Some employees, such as sessional employees and employees of certain commissions, must meet certain conditions and be specifically designated as contributors.

How can I benefit the most from my pension plan?

All pension benefits payable under the plan relate directly to service and salaries. As the number of years of pensionable service to your credit increases and you reach higher levels of salary, the benefits that you and your family can expect to receive increase accordingly. This is so even when you cease contributing at the full rate after 35 years of pensionable service. Although your contributions drop to one per cent, the salary you earn after that time will be used to calculate the average annual salary for pension purposes, if this is to your advantage.
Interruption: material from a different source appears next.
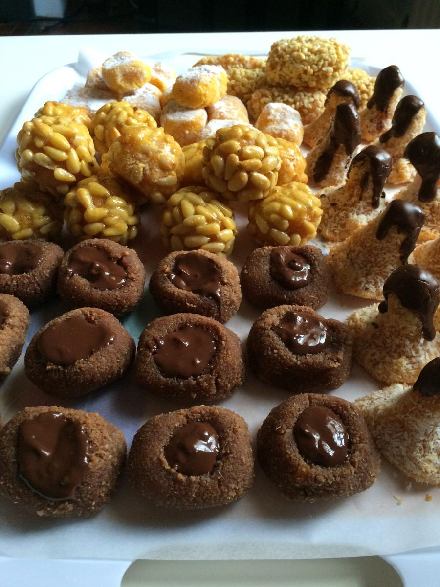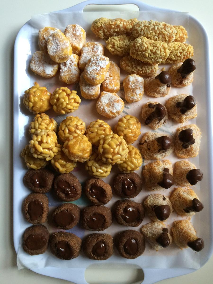 Fundimos un poco de chocolate y añadimos a la masa. Mezclamos bien y les damos forma redonda, aplastamos un poco y les hacemos un agujero. Los horneamos unos 5 min. Al sacarlos añadimos chocolate fundido en los agujeros.

It is important that you know how to increase your pensionable service credits and how much it would cost you to do so.

Each continuing year of employment in the Public Service for which you make ordinary contributions is a year of pensionable service. In addition, if you had one or more periods of employment, either in the Public Service or with another employer, before becoming a contributor under the Act, you may be able to obtain credit for that service on an elective basis.

Such periods of prior service, if they can be counted under the Act, are known as elective service. As the term implies, they are periods of service for which you may make a special election to count them as periods of pensionable service. You may make an election at any time while you are employed in the Public Service and contributing to the Public Service Pension Fund. Costs and other requirements may vary, depending on when you make the election.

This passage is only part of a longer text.